FWIW, Oliver Wendell Holmes Jr. rarely had any use for oral arguments, and often would write letters to friends while the lawyers blathered on and on.

No.

Well, the problem there (unless I’m reading it incorrectly) is that on the right, there’s a helpful box titled Legal opinions, subtitled Judicial opinions, under which are listed:
[ul]
[li]Majority opinion[/li][li]Dissenting opinion[/li][li]Plurality opinion[/li][li]Concurring opinion[/li][li]Memorandum opinion[/li][/ul]
Indicating that a dissent is indeed a judicial opinion. Not being an avid follower of “The Law”, I’m certainly willing to defer to those with more expertise.

Can we get a ruling on this one?

I’m not at all sure we could reach agreement as to the definition of “qualified.”

CT certainly was qualified to advance a conservative agenda for decades to come.
But if you view it in terms of experience and demonstrated temperment for a very high promotion - well, maybe not so much.
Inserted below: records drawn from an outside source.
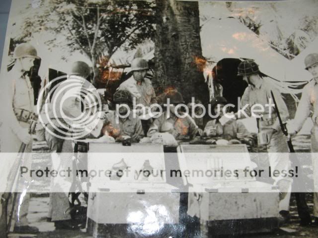 They appear to be officers, etc. With guards and pistols, it appears to be pay day and those are stacks of cash. I suspect they are disbursing officers doing their duty. I did it as a 2nd and 1st LT and it looked the same as in the picture. That was before check to bank, and pay day musters were really pay day musters...
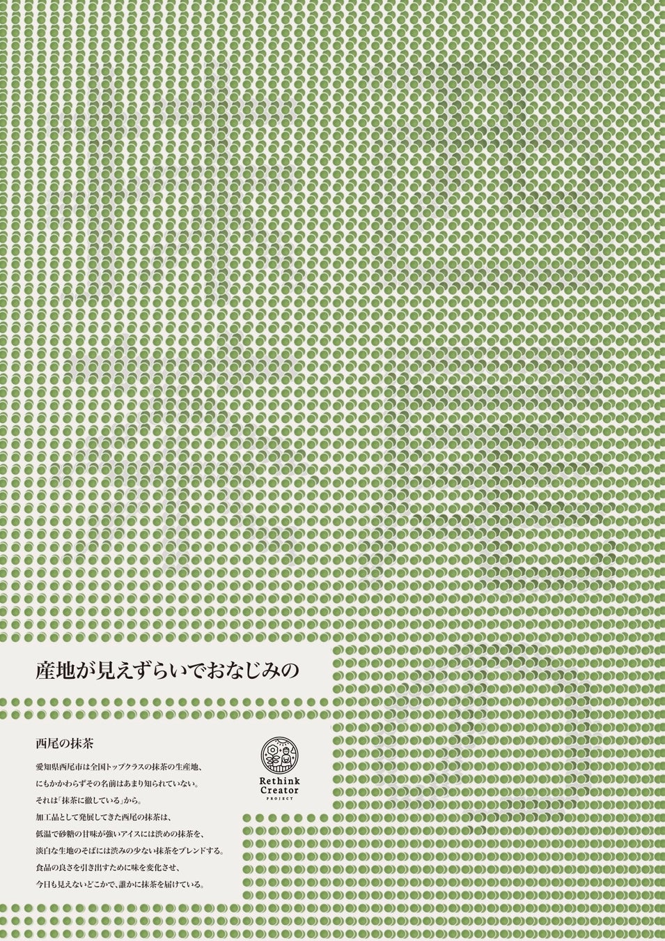 Rethink Creator賞(最優秀賞)に輝いたのは、小笠原 葉南さん作 「産地が見えづらいでおなじみの」。「西尾の抹茶」の認知度に着目し、その見えづらさをデザインで見事に表現している点が高い評価を得ました。
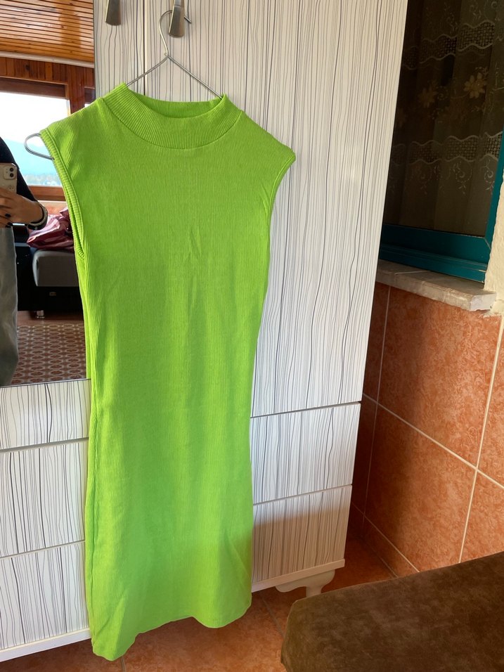 Kolsuz, yeşil midi elbise, yüksek yaka ve vücuda oturan kesime sahiptir. Yumuşak sentetik triko kumaştan yapılmıştır. Minimalist ve sokak modasına uygundur.
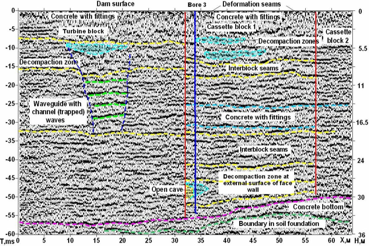 Сейсмические речные профили по проектным створам плотины ГЭС
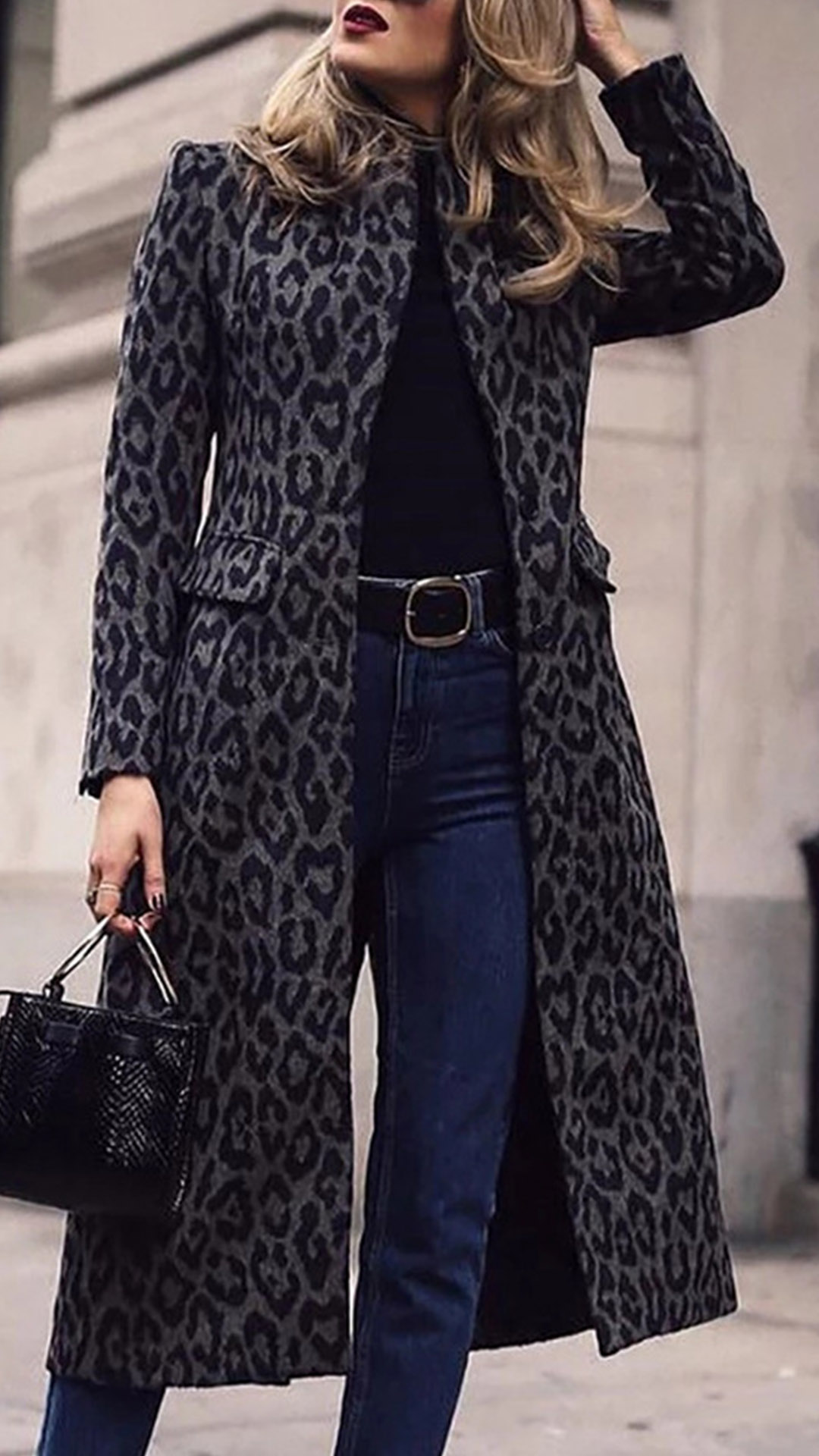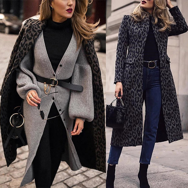 As we all know,the leopard element is always popular. So why not catch up with this fashion trend with this leopard overcoat? It is finished with long sleeve,notched lapel and a clean,fit silhouette,this overcoat not only can showcase your slender figure,but also can exude your style,charm and personality.
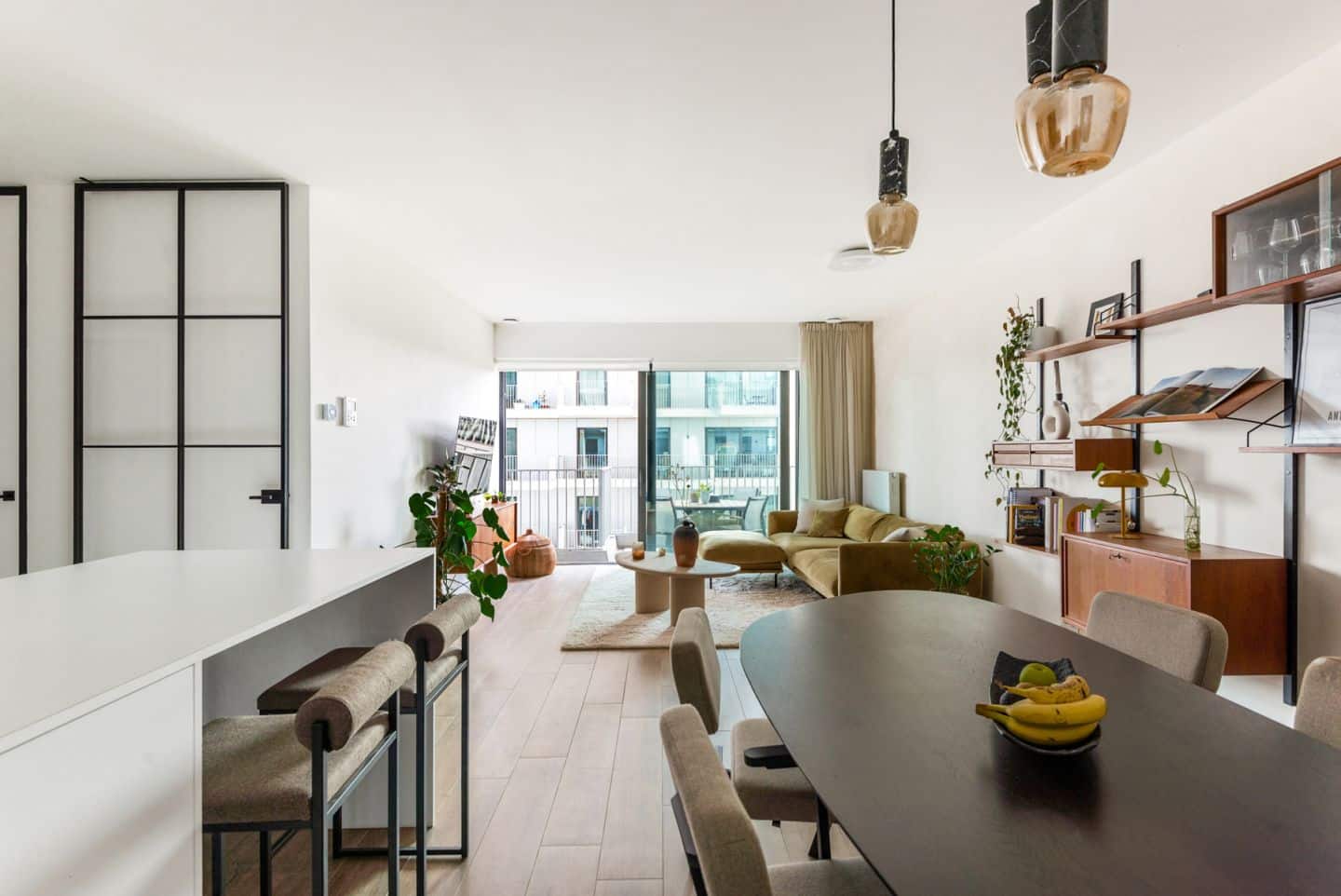Welkom op de zesde verdieping van Residentie Louise Marie in de Karel Oomsstraat waar stijl, comfort en locatie moeiteloos hand in hand gaan. Denk: twee slaapkamers, een volledig uitgeruste keuken (inclusief kookeiland, voor je innerlijke Ottolenghi…), een ruime leefruimte met instant zen-gevoel en een royaal, doorlopend terras. Hier lees je ’s morgens in alle rust je krant en schuif je ’s avonds moeiteloos de apéro op tafel genietend van de avondzon.

One curious aspect of the nomination process is that the more of a record an individual has, the harder it will be to get him through the confirmation process. So you have folks like Posner who clearly has written and spoken too much on too many topics to ever be considered. (Tho he DOES have the arrogance for to job!) And you end up with little-known stealth nominees, claiming “By gosh, I’ve never even considered how I might have ruled on Roe v. Wade!”

A buddy of mine was a Supreme clerk some years ago. Said CT was HUGELY into powerlifting, and was a terror on the court - the b-ball court that is. Also said it was pretty obvious that in a city based on influence and power, short of the Pres, the Supremes were pretty much the biggest rockstars wherever they went. So yeah, rules such as no-smoking only apply to mere mortals such as us, not the Supremes.

Yes, a dissent is an opinion. It’s not “the opinion of the Court,” but it’s an opinion. So is a concurrence.

Ah… I’d thought you meant a dissenting vote. If CT authored a dissenting opinion (i.e., a brief which detailed his thinking on why a dissent was the proper course), then that counts. If CT merely joined some other court members in a dissent, and the brief was authored by a different judge on the panel, then no, that doesn’t count.